* _WORK INSTRUCTIONS_:
From the line that holds "レディース ジャケット パンツ" to the last line below, retype everything exactly and nothing else; omit pictures.

* _DATA FOR REVIEW_:

***

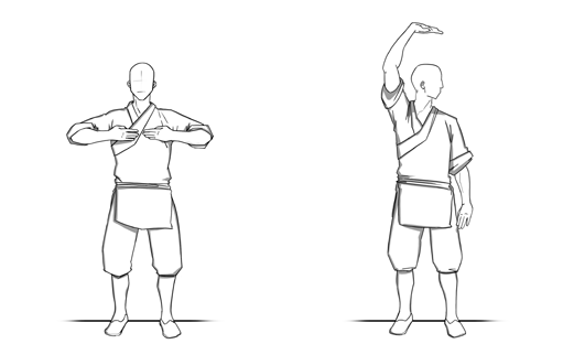• На выдохе вытяните правую руку вверх, ладонь смотрит наверх. Левая рука остается внизу ладонью вниз. При этом поверните голову налево и посмотрите через левое плечо.
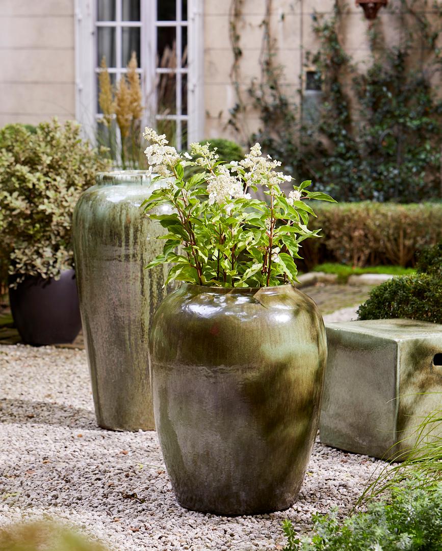Chacune de nos pièces est unique, réalisée à la main grâce au savoirfaire de nos compagnons artisans. Des variations de couleurs peuvent apparaître d’une pièce à l’autre, elles révèlent toute l’authenticité de cette pièce. Les jarres sont percées d’un trou et résistent au gel.
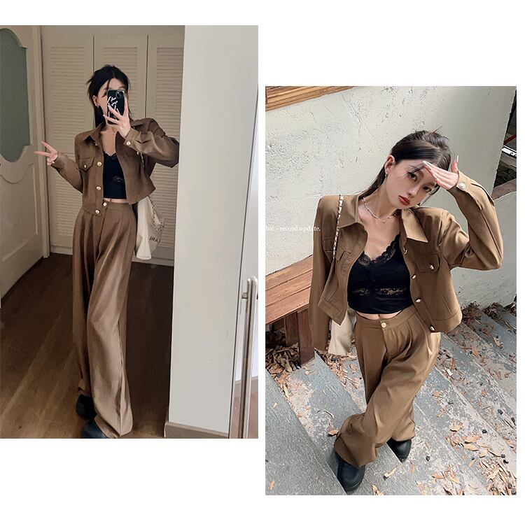 レディース ジャケット パンツ ボトムス 上下セット ロングパンツ ワイドパンツ 長袖 襟付き ワイド ストレート きれいめ シンプル カジュアル おしゃれ かっこいい こなれ感 個性的 クール モード系 モダン 主役級 存在感 都会的 ベーシック ナチュラル 無地 秋 デート お出かけ ショッピング カフェ コーデ 楽ちん 美脚 脚長 普段使い 着回し ロールアップ モテ 清楚 トレンド 流行 インスタ映え 定番 S M L XL ゆったり ブラック カーキ ベーシックカラー 大人カラー 秋カラー
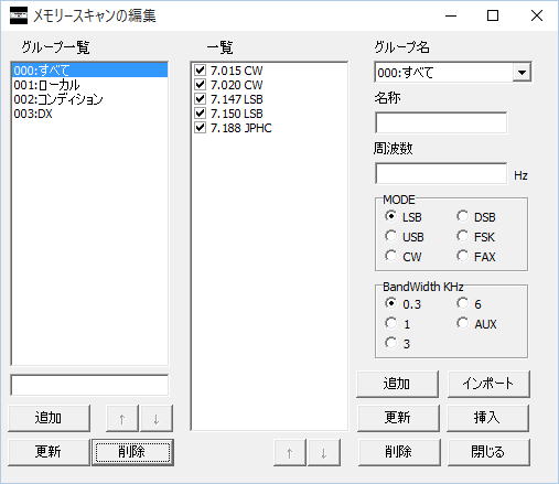 アマチュアバンドを登録してありますが、自由に編集できます。
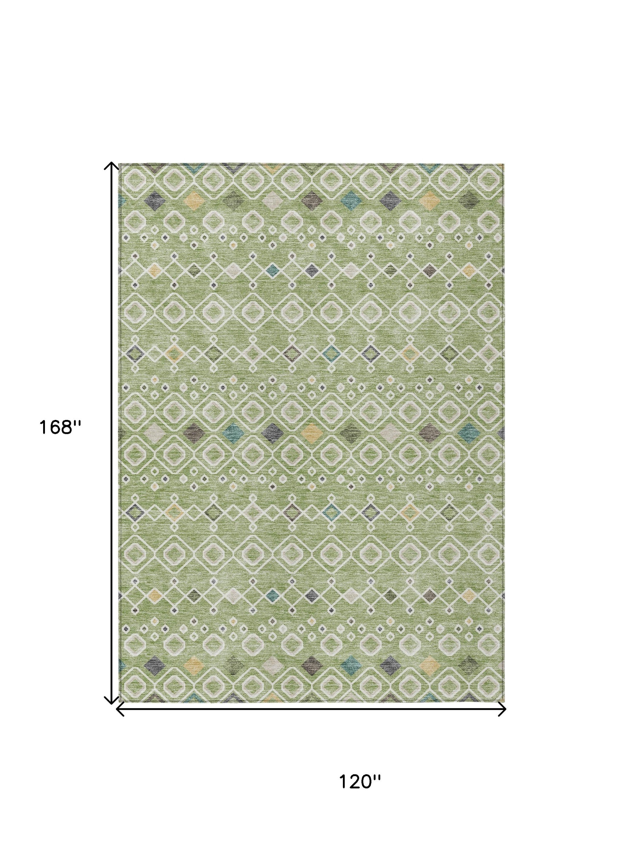 This 10-foot x 14-foot sage ivory and teal blue geometric washable indoor outdoor area rug, is a great way to add warmth to a room. This rectangle shaped rug features a geometric design that will work well both indoors or out. A classic shape marries with good looking design for your living room, hall, bedroom, porch, patio, or poolside. Ideal for outdoor spaces or high traffic areas with kids and pets, this rug is made from heavy duty polyester that is stain resistant to help repel water, dirt, and stains. Versatile in use, durable, and easy to maintain, this rug is an ideal solution to add a decorative and inviting touch to your indoor or outdoor space. 120-inch h x 168-inch w x 0.19-inch d.
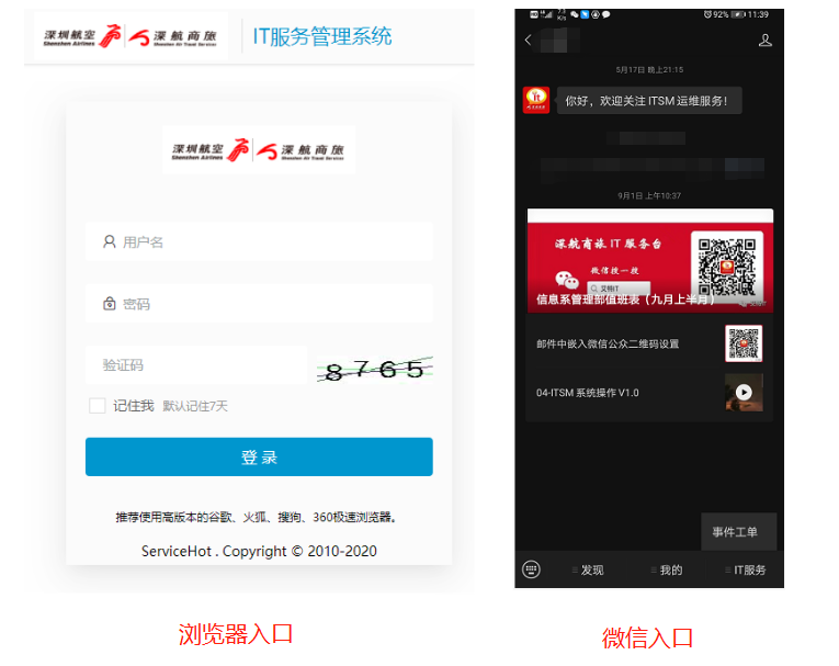 接入多渠道入口和IT應(yīng)用,用戶通過微信服務(wù)號(hào)、郵件渠道、網(wǎng)頁門戶等多樣化的服務(wù)入口,快速提報(bào)事件,查詢服務(wù)過程。集成深航現(xiàn)有的監(jiān)控系統(tǒng),實(shí)現(xiàn)告警自動(dòng)觸發(fā)事件單,通過業(yè)務(wù)系統(tǒng)智能分派事件單給業(yè)務(wù)線負(fù)責(zé)人,無明確業(yè)務(wù)負(fù)責(zé)人的集中到服務(wù)臺(tái)處理。
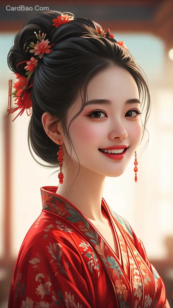 Oriental beauty avatar, smiling, elegance that outshines the past and present, peony makeup, red Hanfu, minimalist cartoon style.
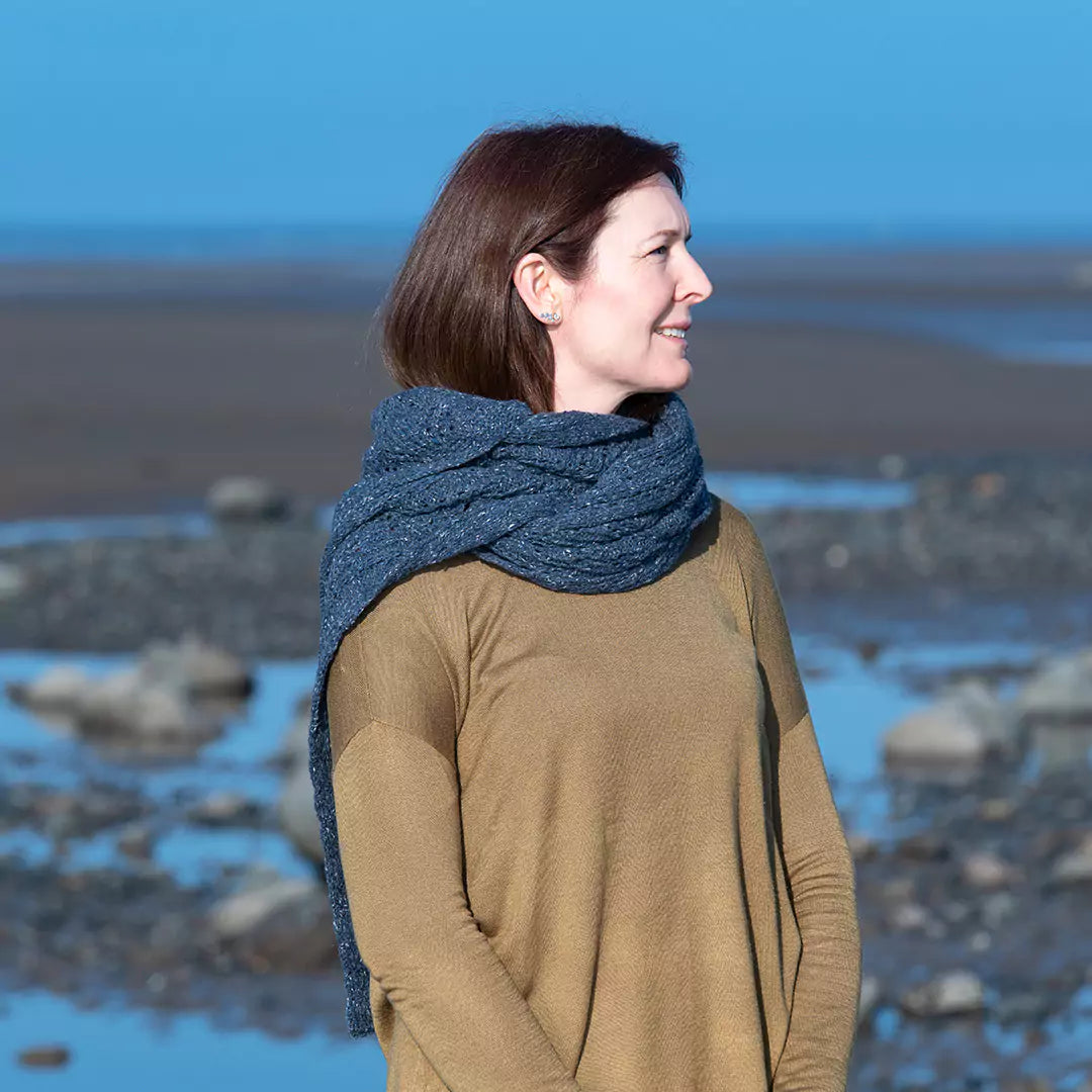 Knitted in the tweedy blend of fine Merino wool, cashmere, and silk of Arranmore Light makes this a truly authentic knitting project. Multiple shades of wool nepps are used in the Donegal tweed yarn to give it its unique rustic-flecked appearance.

***

* _TASK OUTPUT_:
 レディース ジャケット パンツ ボトムス 上下セット ロングパンツ ワイドパンツ 長袖 襟付き ワイド ストレート きれいめ シンプル カジュアル おしゃれ かっこいい こなれ感 個性的 クール モード系 モダン 主役級 存在感 都会的 ベーシック ナチュラル 無地 秋 デート お出かけ ショッピング カフェ コーデ 楽ちん 美脚 脚長 普段使い 着回し ロールアップ モテ 清楚 トレンド 流行 インスタ映え 定番 S M L XL ゆったり ブラック カーキ ベーシックカラー 大人カラー 秋カラー
 アマチュアバンドを登録してありますが、自由に編集できます。
 This 10-foot x 14-foot sage ivory and teal blue geometric washable indoor outdoor area rug, is a great way to add warmth to a room. This rectangle shaped rug features a geometric design that will work well both indoors or out. A classic shape marries with good looking design for your living room, hall, bedroom, porch, patio, or poolside. Ideal for outdoor spaces or high traffic areas with kids and pets, this rug is made from heavy duty polyester that is stain resistant to help repel water, dirt, and stains. Versatile in use, durable, and easy to maintain, this rug is an ideal solution to add a decorative and inviting touch to your indoor or outdoor space. 120-inch h x 168-inch w x 0.19-inch d.
 接入多渠道入口和IT應(yīng)用,用戶通過微信服務(wù)號(hào)、郵件渠道、網(wǎng)頁門戶等多樣化的服務(wù)入口,快速提報(bào)事件,查詢服務(wù)過程。集成深航現(xiàn)有的監(jiān)控系統(tǒng),實(shí)現(xiàn)告警自動(dòng)觸發(fā)事件單,通過業(yè)務(wù)系統(tǒng)智能分派事件單給業(yè)務(wù)線負(fù)責(zé)人,無明確業(yè)務(wù)負(fù)責(zé)人的集中到服務(wù)臺(tái)處理。
 Oriental beauty avatar, smiling, elegance that outshines the past and present, peony makeup, red Hanfu, minimalist cartoon style.
 Knitted in the tweedy blend of fine Merino wool, cashmere, and silk of Arranmore Light makes this a truly authentic knitting project. Multiple shades of wool nepps are used in the Donegal tweed yarn to give it its unique rustic-flecked appearance.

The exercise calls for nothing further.